The Grand Challengers Podcast Episode #66

A veteran’s three acts, the ability curve and reinventing the knife

Guest: Douglas Katz

July 7th, 2026


Overview

“If you designed a knife for a robot, it wouldn’t look like the linear knife that we have today.” With one sentence, Douglas Katz turns an object most of us never think about into a question worth an hour and a half of conversation. Why is a tool shaped by thousands of years of stabbing and survival still treated as the pinnacle of kitchen design? And what happens when you start from the body instead?

Douglas is a West Point graduate, a disabled US Army veteran and a lifelong inventor who tells his story in three acts. The first is the military, which he describes as a leadership lab built on character, autonomy and the expectation that you leave your team better than you found it. The second is corporate America, a long and often grim chapter where the same instincts that made him valuable were treated as liabilities. The third is the one he was always meant for. After injuries made cooking painful, he forged a new kind of blade from a circular saw blade in his own workshop, and the joy of using it set everything else in motion.
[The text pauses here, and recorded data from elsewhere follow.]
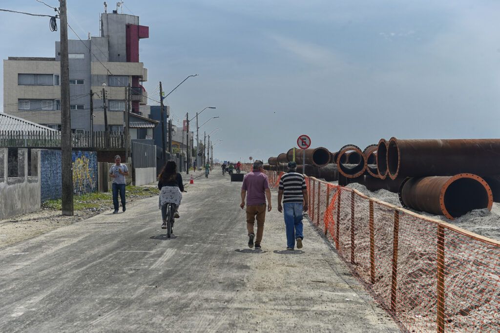 Entre o par de estruturas, o terreno é aprofundado em cerca de três metros, aumentando a capacidade de escoamento dos canais. Elas complementam as obras de macrodrenagem em andamento no Canal da Avenida Paraná, dentro da cidade e afastado da orla marítima.
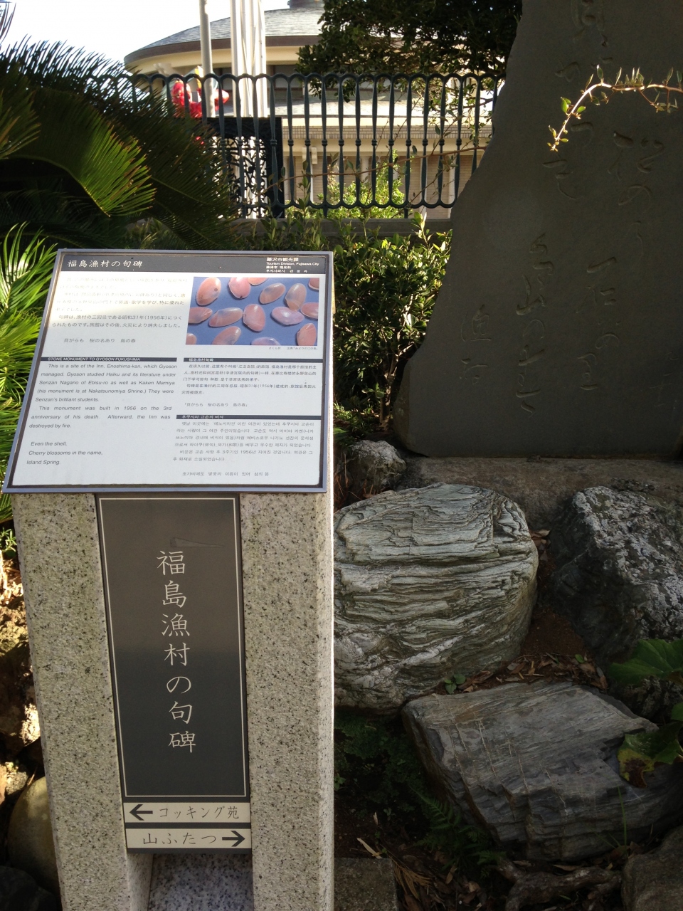 「貝がらも 桜の名のあり 島の春」と言う句が記された大きな石で、
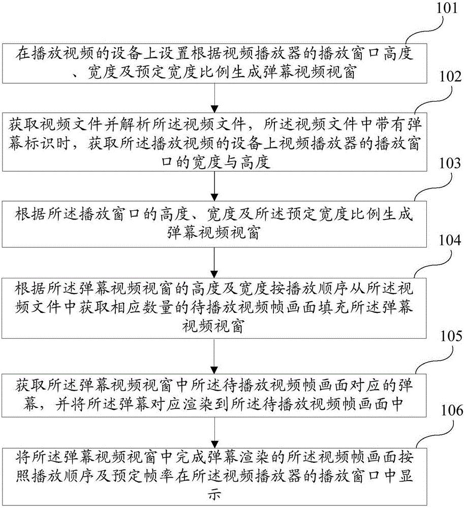 本发明公开预加载播放弹幕的方法,包括:在播放视频的设备上设置根据视频播放器的播放窗口高度、宽度及预定宽度比例生成弹幕视频视窗;获取带有弹幕标识的视频文件时,根据播放窗口的高度、宽度及预定宽度比例生成弹幕视频视窗;根据弹幕视频视窗的高度及宽度按播放顺序从视频文件中获取相应数量的待播放视频帧画面填充弹幕视频视窗;获取弹幕视频视窗中待播放视频帧画面对应的弹幕,并将弹幕对应渲染到待播放视频帧画面中;将弹幕视频视窗中完成弹幕渲染的视频帧画面按播放顺序及预定帧率在视频播放器的播放窗口中显示。本发明提高了弹幕播放的效率。
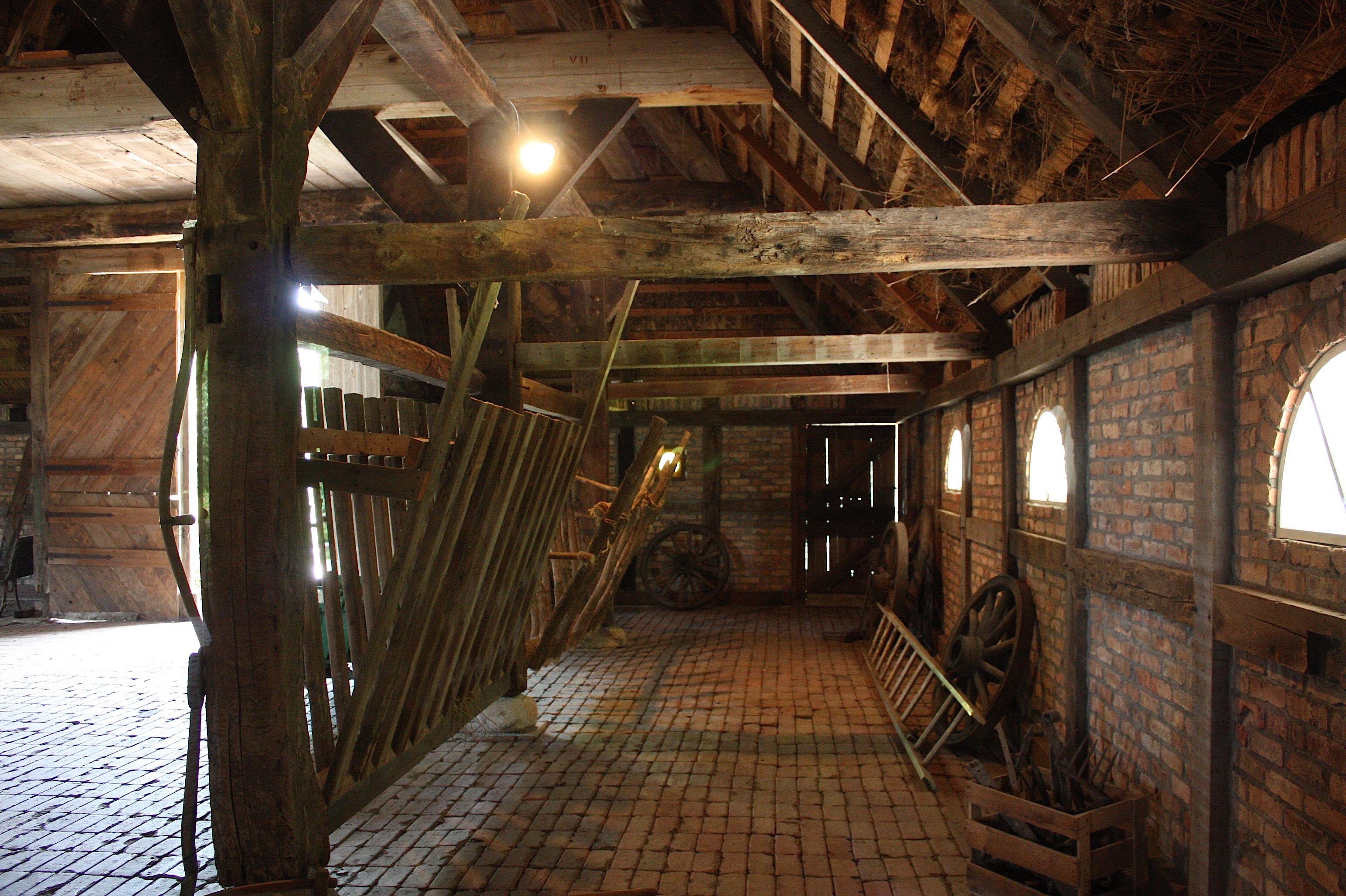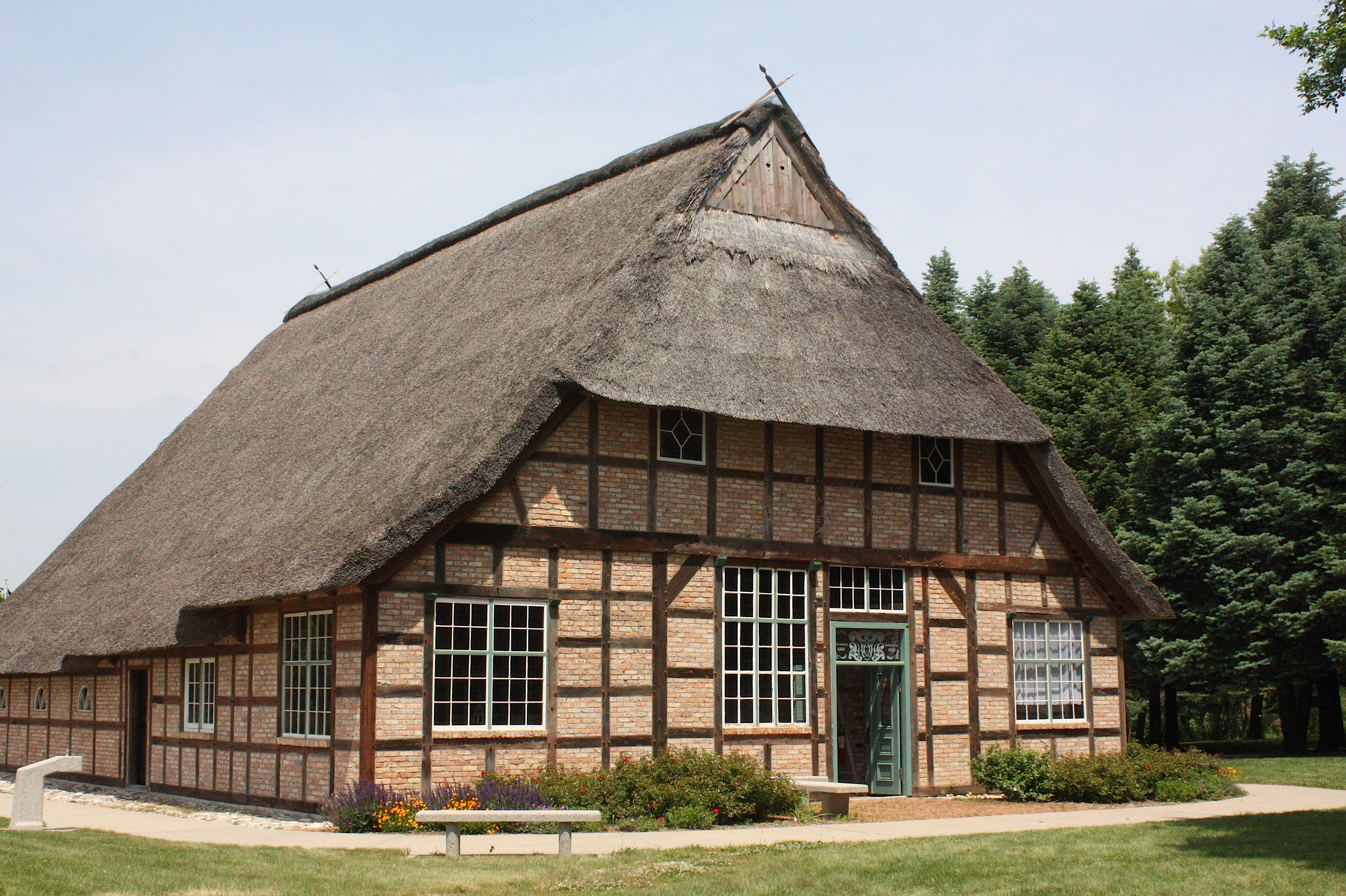 The Manning hausbarn came from northern Germany. It arrived in Manning in September 1996 to be reassembled/reconstructed with the assistance of German carpenters. (Check out the website for interesting construction details.) The building includes brick masonry outer walls, heavy timber support structures, brick interior walls, and a thatched roof. The roof is the most interesting part, given that it contains 20 tons of reeds. Three professional thatchers actually came from Germany to assemble the roof. (Who even knew there was such a thing as a professional thatcher?) All this work took several years to complete, and the hausbarn was dedicated in August 2000.

That blade became NULU, an adaptive kitchen knife inspired by the traditional Inuit ulu and built on a concept his team calls force transfer geometry. From the product grew a philosophy. Ability and disability, Douglas argues, are not a binary switch or an identity. They are task-based, and they sit on a curve that every one of us travels. We will all age into disability, so designing for it is not charity, it is foresight that serves everyone.
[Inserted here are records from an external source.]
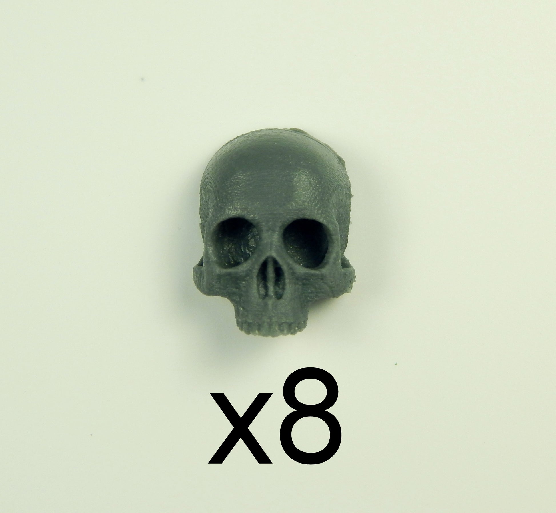The Large Mounting Skulls 2 pack contains eight (8) skulls each 0.5 inches (12mm) high and 0.4 inches (11mm) wide with a flat back.
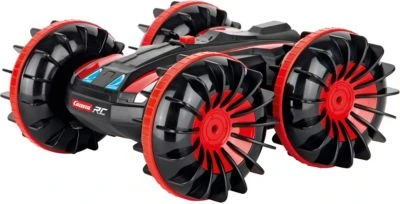 Das Carrera RC All-Terrain Stunt Car bewegt sich mit seinen extra-großen Reifen im Schaufelrad-Style auch durch jedes Gelände und tiefe Pützen. Der Terrain-Künstler ist dabei gegen eindringende Nässe geschützt und garantiert langen Spielspaß auch am Pool. Sogar Stunts sind mit diesem robusten Gefährt möglich: einen rasanten Überschlag schafft das Outdoor-Wunder spielend. Dabei kann der widerstandsfähige Flitzer mit einer Top-Speed von bis zu 10 km/h glänzen. Der All-Terrain Stunt Car wird mit einem 6,4V 700mAh LiFePo4 Akku und USB Ladekabel geliefert.
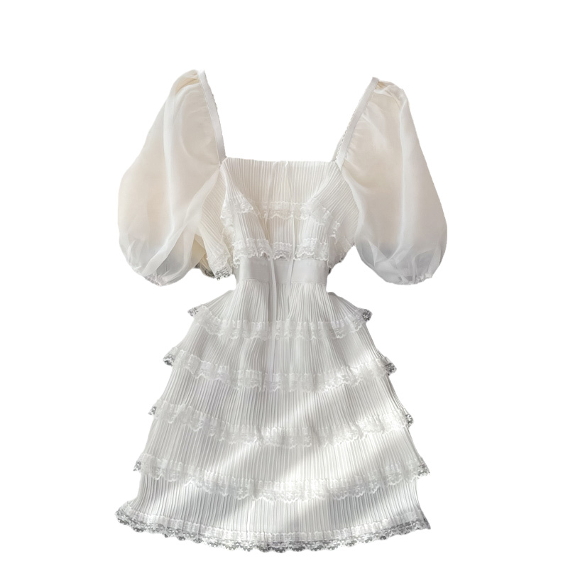 Cheap Dresses, Buy Quality Women’s Clothing Directly from China Suppliers:Gentle First Love Dress Summer New French Beach Seaside Vacation White Square Cut Collar Cake Dress
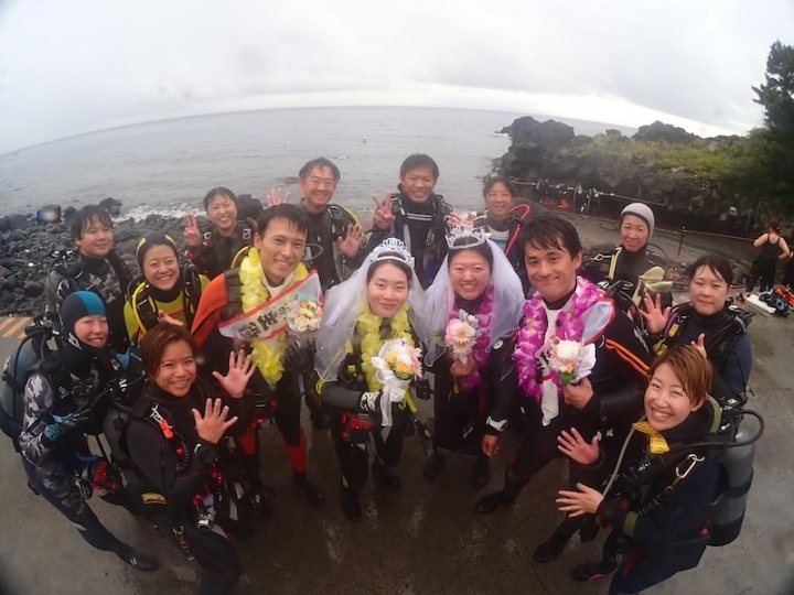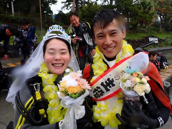 恵子先生が用意してくれたブーケやベールを身につけ、お祝いダイブをしました。

In this episode Peter and Douglas move from Aikido and the power of softness, through a clear 101 on barrier-free, accessible, universal, inclusive and adaptive design, to ADHD reframed as a feature set rather than a bug. They get into AI as an “infinite assistant”, why pattern recognition may be the skill that defines the next era, and a quiet story about a banjo that taught Douglas more about acceptance than any business book. It is honest, funny and genuinely reframing. Full resources and links are below.

Episode Teaser

Teaser caption…

Biography

“…We are all going to age into disability…”

Douglas Katz is a West Point graduate, a disabled US Army veteran and a lifelong inventor who describes his career in three acts. He served around nine years in the military, including a posting as an artillery officer at Fort Carson in Colorado, before leaving in the late 1990s for corporate America. Across more than two decades he worked in sectors including telecom and lending, picked up an MBA, and lived as what he calls a dreaming entrepreneur suffering in a corporate desert. The path that finally fit him began not with a business plan but with a personal problem. Upper body injuries and arthritis from his years of service made an ordinary kitchen knife painful to hold, and rather than give up cooking he set out to redesign the tool itself.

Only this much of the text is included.